Именно тогда в полку поползли нехорошие слухи: «Наверху в штабах засели генералы с партбилетами, шлют к нам офицерье, хотят продать революцию. Беднякам, простому народу снова нет хода, – сняли нашего Ваську Серова, поставили полковничка». Ползли слухи, множились, клевета распускалась махровым цветом, от яда ее начинали бродить в головах мятежные мысли. Для недовольства было много причин; усталость от боев, трудности похода, перебои со снабжением, ко всему этому недобрые вести из дома: разруха, нужда, что ни день, то в подводы наряжают, соли нет, спичек нет, керосина нет, всем селом «вечный огонь» под золою сохраняют, друг к дружке за жаром бегают.
Вспомнил Серов и то, как вызвал его Сапожков и шепотом приказал: «…Завтра ночью Мусульманский полк арестовывает комиссаров и коммунистов… Приказов Дементьева[18]18
Дементьев – тогдашний командир 22-й дивизии.
[Закрыть] не выполнять!.. Наступать не пойдем. Белые два месяца стоят спокойно, им война тоже не всласть. Может быть, добром о мире договоримся. Понимаешь? Еще вот что: сам ни во что не вмешивайся, пусть орудуют другие, а твое дело сторона.»
Серов созвал «своих» ребят и передал им слова Сапожкова. Наскоро посовещались и решили в первую очередь «убрать» комполка Иванова, комиссара Букреева, замкомполка и некоторых других.

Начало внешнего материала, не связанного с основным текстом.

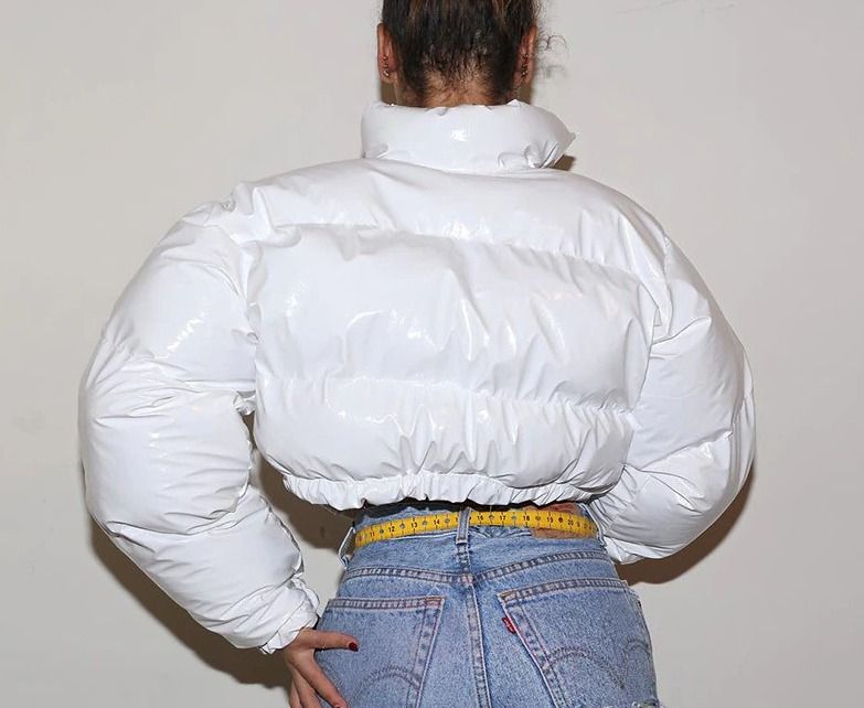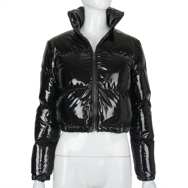 Women's shiny quilted crop top winter jacket
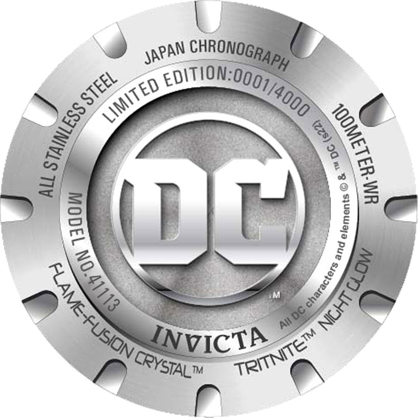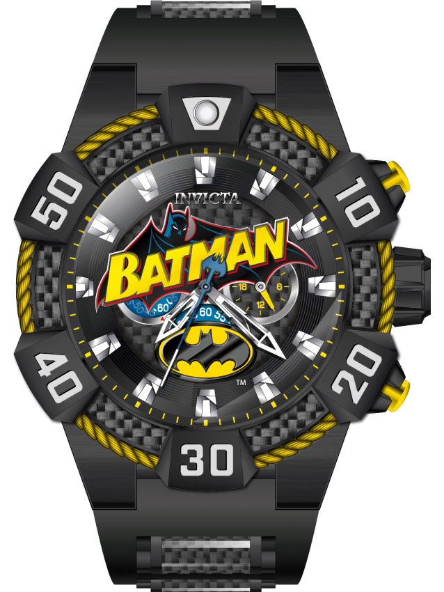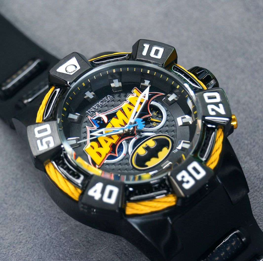 Яркие часы позволят вам почувствовать себя настоящим супергероем. DC Comics Batman. Часы-хронограф с секундомером. Лимитированная серия - 4000 экземпляров. Круглый стальной корпус с минеральным стеклом. Массивный безель с минутной шкалой украшен вставками из карбона и троса с IP покрытием. Циферблат стилизован под тематику коллекции. Мечевидные стрелки в стиле Sword. Метки в виде штрихов. Рифленая заводная головка. Завинчивающаяся задняя крышка с гравировкой. Удобный силиконовый ремешок с классической застежкой.
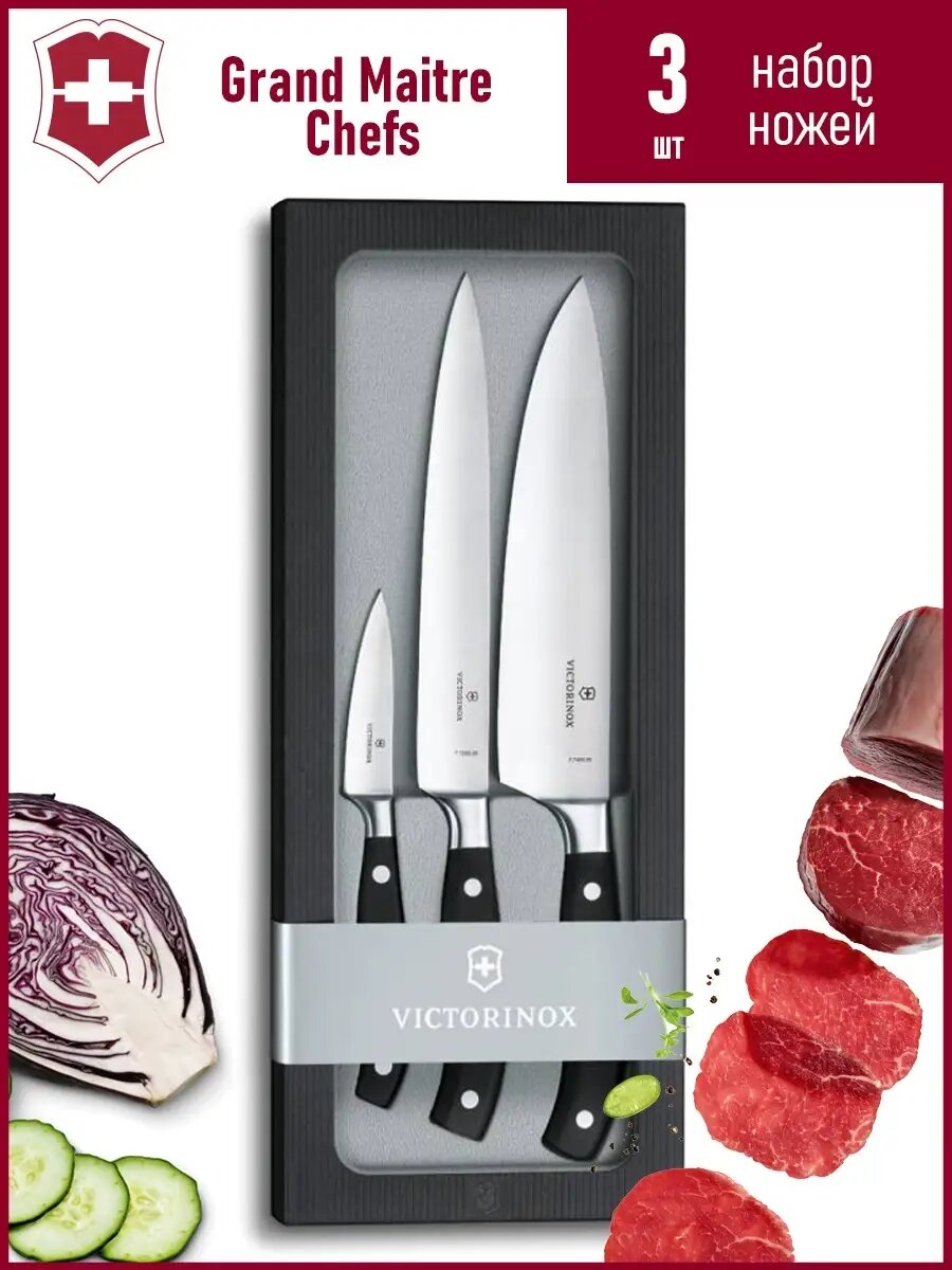 Купить Набор ножей кухон. Victorinox Grand Maitre Chefs (7.7243.3) компл.:3предм. черный подар.коробка
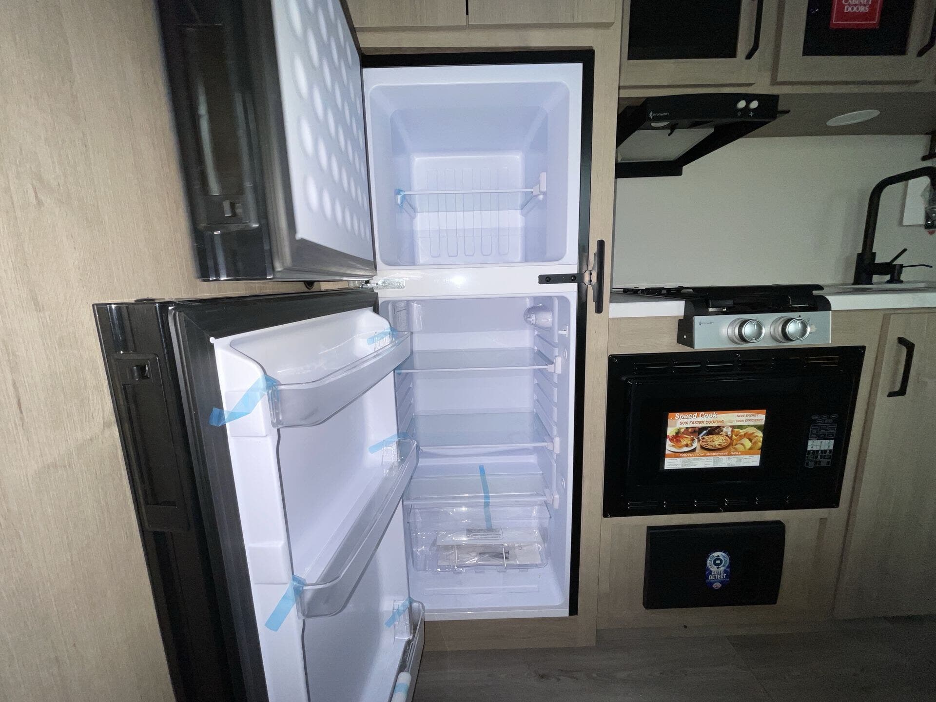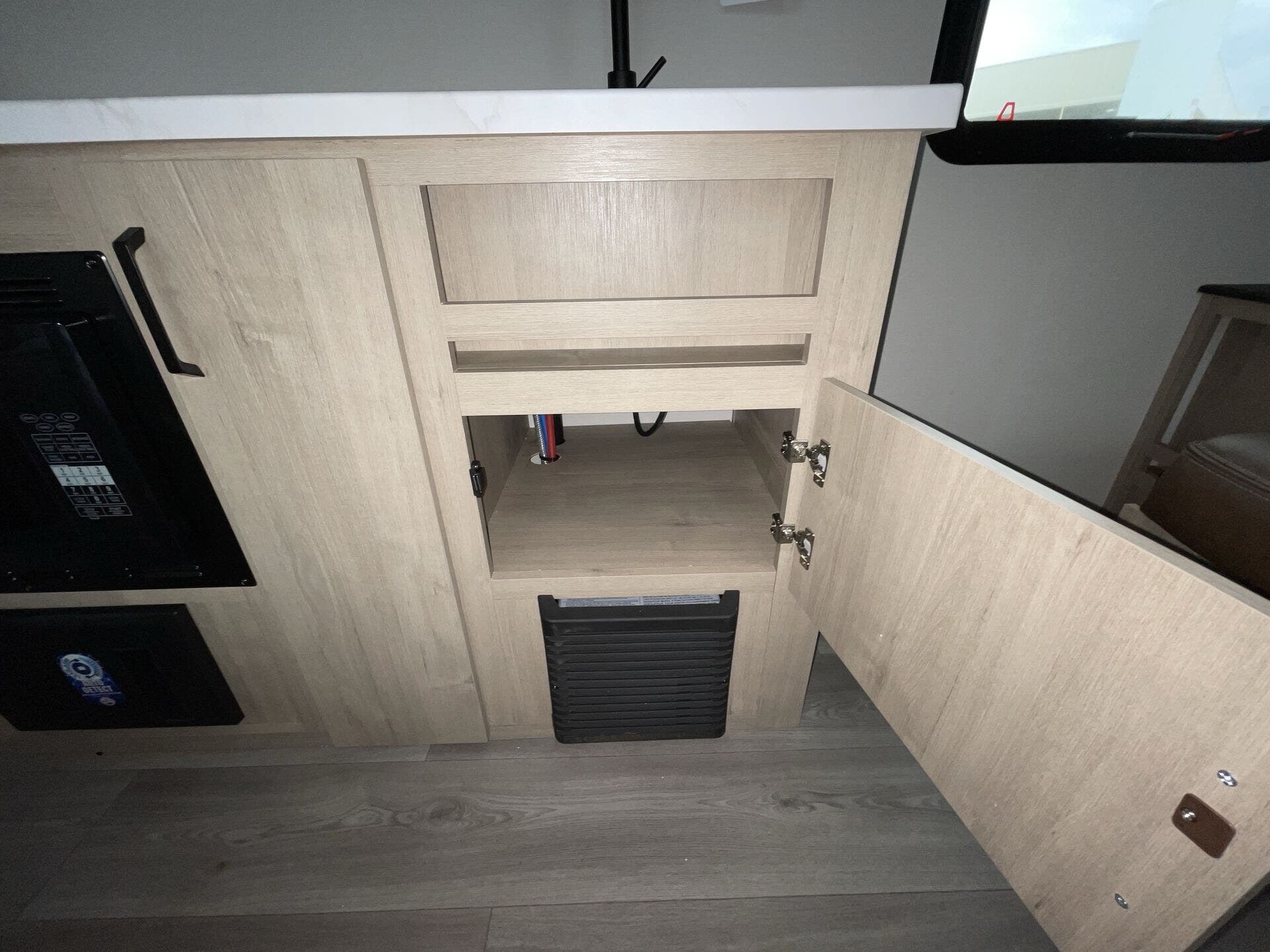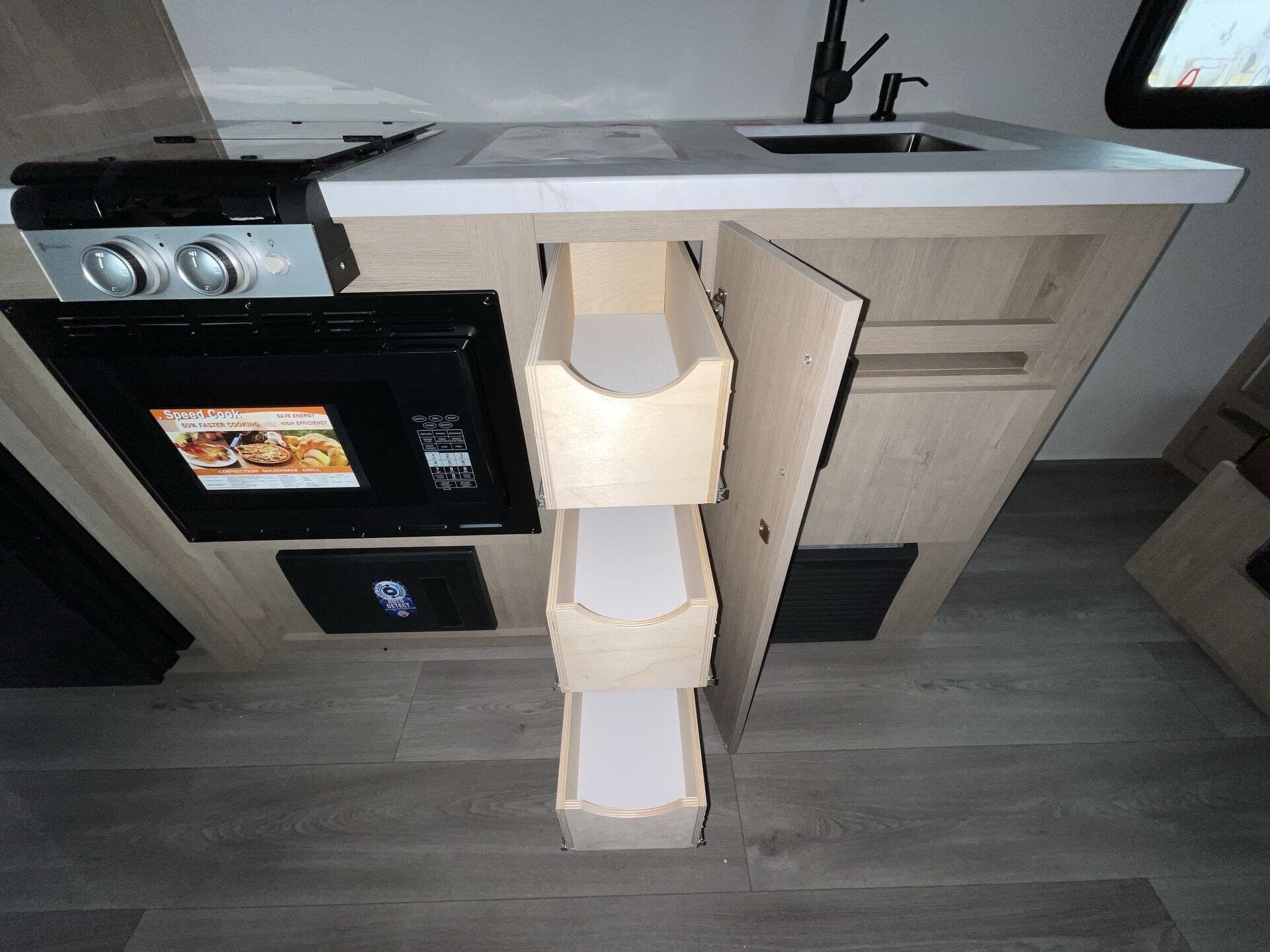 The rear bath setup is way better than having a tiny corner wet bath. It gives you real space to move around, and the front bedroom area feels private and practical. The kitchen handles the basics without feeling awkward — good fridge size, counter space that actually works, and storage that’s more than just a token cabinet.

10 января в шести полках 22-й дивизии вспыхнул мятеж. Ручьями полилась кровь. В Орловско-Куриловском полку были убиты Букреев, Чертков и оказавшийся здесь случайно политиком штаба 4-й армии Челыхаев. Иванову удалось спастись: то ли его кто-то предупредил, то ли по чистой случайности, но накануне он уехал на станцию Деркул и не вернулся.
Утром куриловцы собрали митинг и с большим трудом «упросили» Серова принять командование полком.
И еще одна беседа с Сапожковым так же с глазу на глаз, заговорщическим полушепотом. Мятеж, вопреки ожиданиям, не разгорелся буйным пламенем, а начал чадить, шипеть, дымить, как костер под проливным дождем, и Сапожков приказал:
– Со своим полком, товарищ Серов, обезоружишь изменивший революции 193-й полк. Тебе помогут новоузенцы. Допрежь того арестуй у себя зачинщиков мятежа и держи под крепким караулом!
От удивления у Серова округлились глаза, и Сапожков, заметив это, добавил:
– Из восстания пока ничего не вышло, но отвечать за него своими головами нам нет расчета, – лучше пусть другие поплатятся.
После недолгого раздумья Серов выполнил приказ.
– Что же ты друзей предаешь? – в упор спросил тогда Василия один из арестованных и плюнул прямо в глаза.
Чтобы отогнать неприятные воспоминания, Серов оглянулся на растянувшийся по дороге бывший 8-й казачий полк.